Rose Rita and Mrs. Zimmerman set off on a car trip to Michigan’s Upper Peninsula, stopping on the way to settle some of Mrs. Zimmerman’s family affairs. It seems a rather peculiar cousin of hers has died, leaving her his farm, as well as a ring he believes may be magic. When the two arrive at the farmhouse, they find the place has been ransacked, the locked desk drawer containing the ring has been forced open, and the ring is gone. It’s a sinister start to their vacation, but they resolve to have fun anyway and try to forget the incident.

Soon, worse things happen; things that aren’t so easy to brush aside. Mrs. Zimmerman finds evidence that suggests she had a deadly enemy—a suspicion confirmed by a sudden, unexplained attack of pain. She recovers, but it isn’t long before worse happens: Mrs. Zimmerman disappears! Left alone in a place she doesn’t know, Rose Rita has to find out what happened to her friend, and save her.
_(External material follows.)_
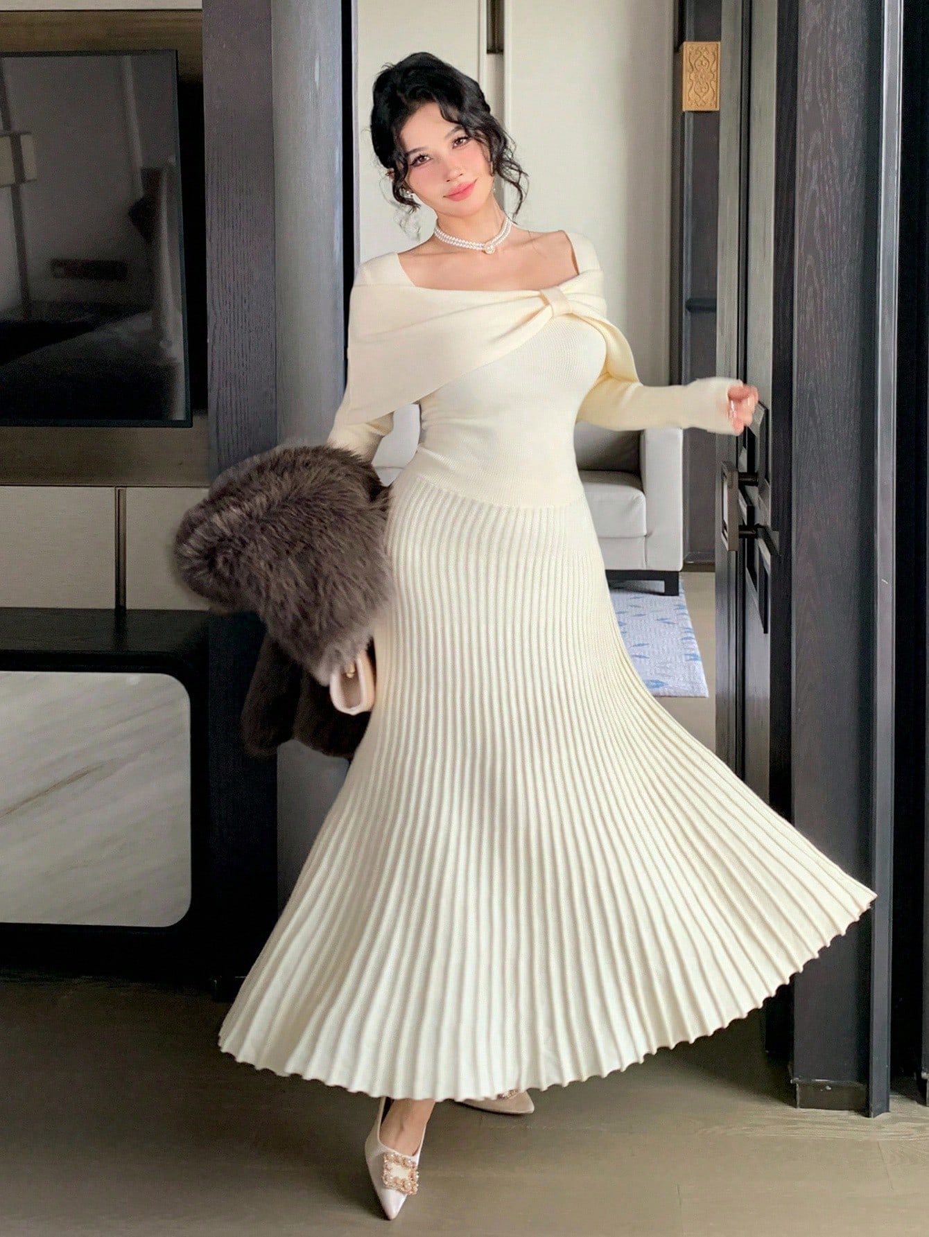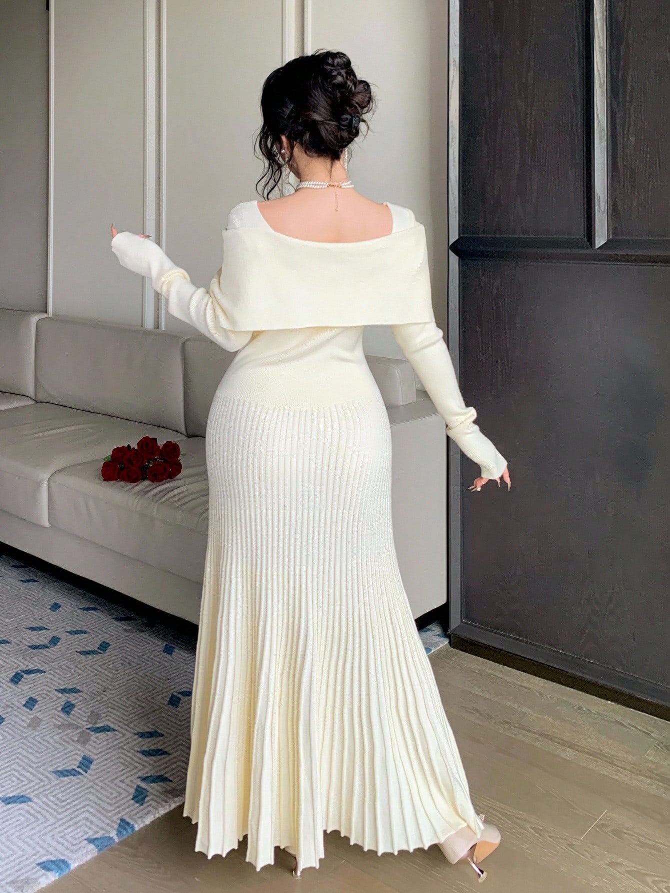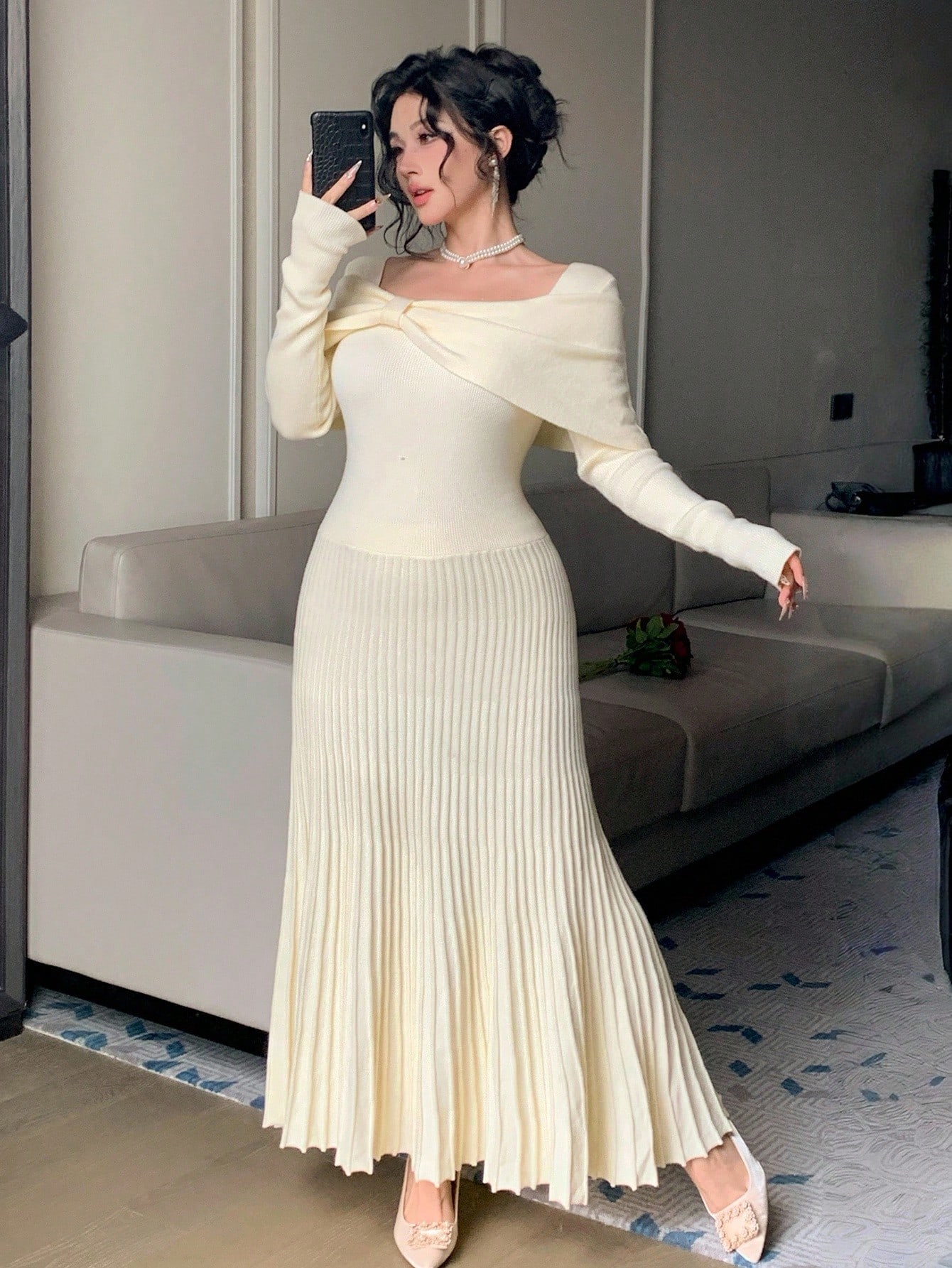 فستان كنزة صوفية أنيق بلون أحادي الرقبة المربعة غير متماثل، خريفي

I like Rose Rita, and some of her problems were a nice change of pace from the ones usually faced by Bellairs heroes.

Mrs. Zimmerman is a fun character. I liked her in the first book, and I liked her here, too. She reminds me a little of one of my aunts, in that she’s in her sixties and her favourite colour is purple, and she wears a lot of purple clothes and has a lot of purple things in her house. Unlike Mrs. Zimmerman, my aunt does not do magic or smoke cigars. At least, not in front of me.